The Raven Tower by Ann Leckie

The Raven Tower is a fantasy succession struggle murder mystery, where part of the mystery lies in whether there was truly a murder. An immersive setting and slightly disconcerting second person narration create a tale of gods, the price of power, twisted language, and loyalty. 

The story was interesting but mostly fine, but, for me at least, the real strength in this book is in how it slowly revealed what the story actually was, like a tide slowly going out. Most of the pieces were technically in place early on, but the way their importance is revealed creates a slow-burning mystery with a pretty dramatic finale. The world-building is great, the interpersonal relationships are complex in a good way without being too much to keep track of. It felt calm and meditative to read, prompting a lot of interesting thoughts about the nature of language and communication in a practical way (which I quite enjoyed). 

This was good but disconcerting for me personally, especially in the early part of the book.
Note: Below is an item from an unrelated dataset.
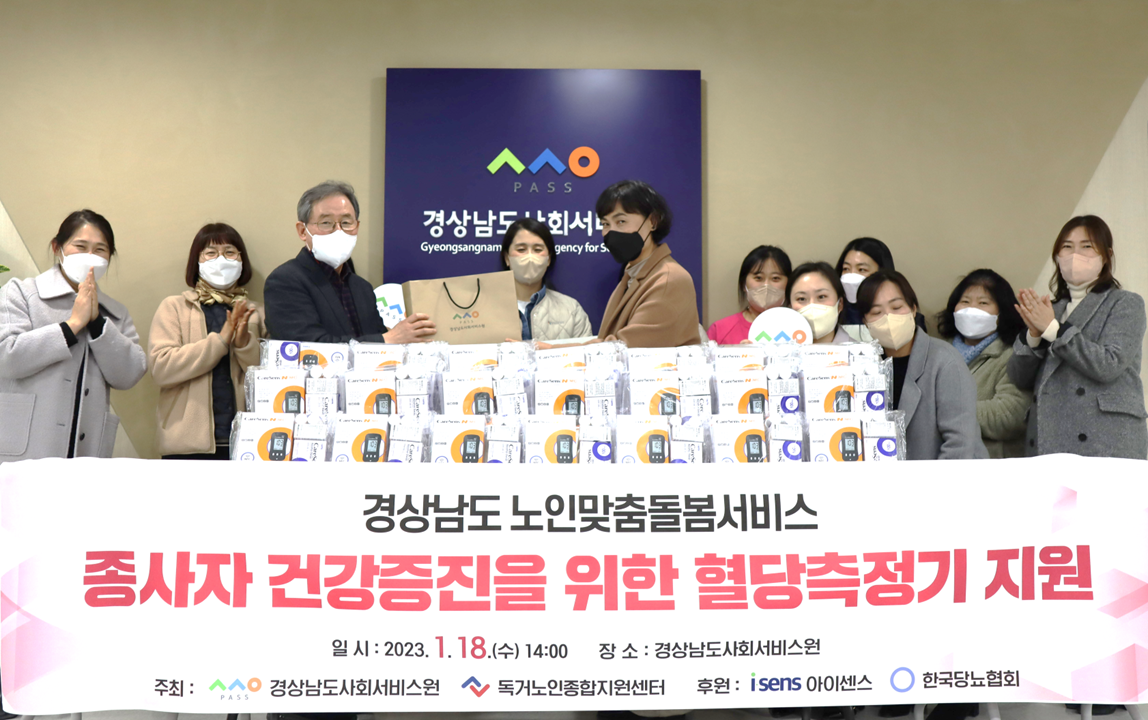 한국당뇨협회는 정부의 노인맞춤돌봄서비스 사업을 수행하고 있는 독거노인종합지원센터에 혈당측정기 1천 800대를 기부했다고 20일 밝혔다.
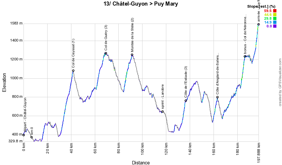 - difficulties and climbs : Col de Ceyssat (1st category) at km 36 - 10,2 km à 6,1%, Col de Guéry (3rd category) at km 63,5 - 7,8 km à 5%, Montée de la Stèle (2nd category) at km 85,5 - 6,8 km à 5,7%, Côte de l'Estiade (3rd category) at km 130,5 - 3,7 km à 6,9%, Côte d'Anglards-de-Salers (3rd category) at km 153,5 - 3,5 km à 6,9%, Col de Neronne (2nd category) at km 180,5 - 3,8 km à 9,1% and Puy Mary Pas de Peyrol (1st category) at km 191,5 - 5,4 km à 8,1%

A large portion of it is written in second person, and the character addressed in this manner is male, which caused some trouble since my pronouns are they/them (not he/him). After I adjusted to it and felt less like I was being personally being addressed with incorrect pronouns it was fine, but that took at least fifty pages. The narrative decision to use a mix of first and second person results in a book that is narrated from a single point of view while following two main characters. Overall I think I like it, it works very well for this story. Both main characters are very different and I like them a lot. The tropes that were put together to create the characters are ones I've seen before, some of them many times, but something about the way they come together to make them (especially the non-human ones) feel fresh, As much as I like the POV character, I think Myriad is the one I'd most like to meet (followed closely by Eolo). 

CW for brief transphobia, discussion of infanticide, discussion of suicide, anti-twin prejudice in a fictional culture, massacre, parental death, major character death.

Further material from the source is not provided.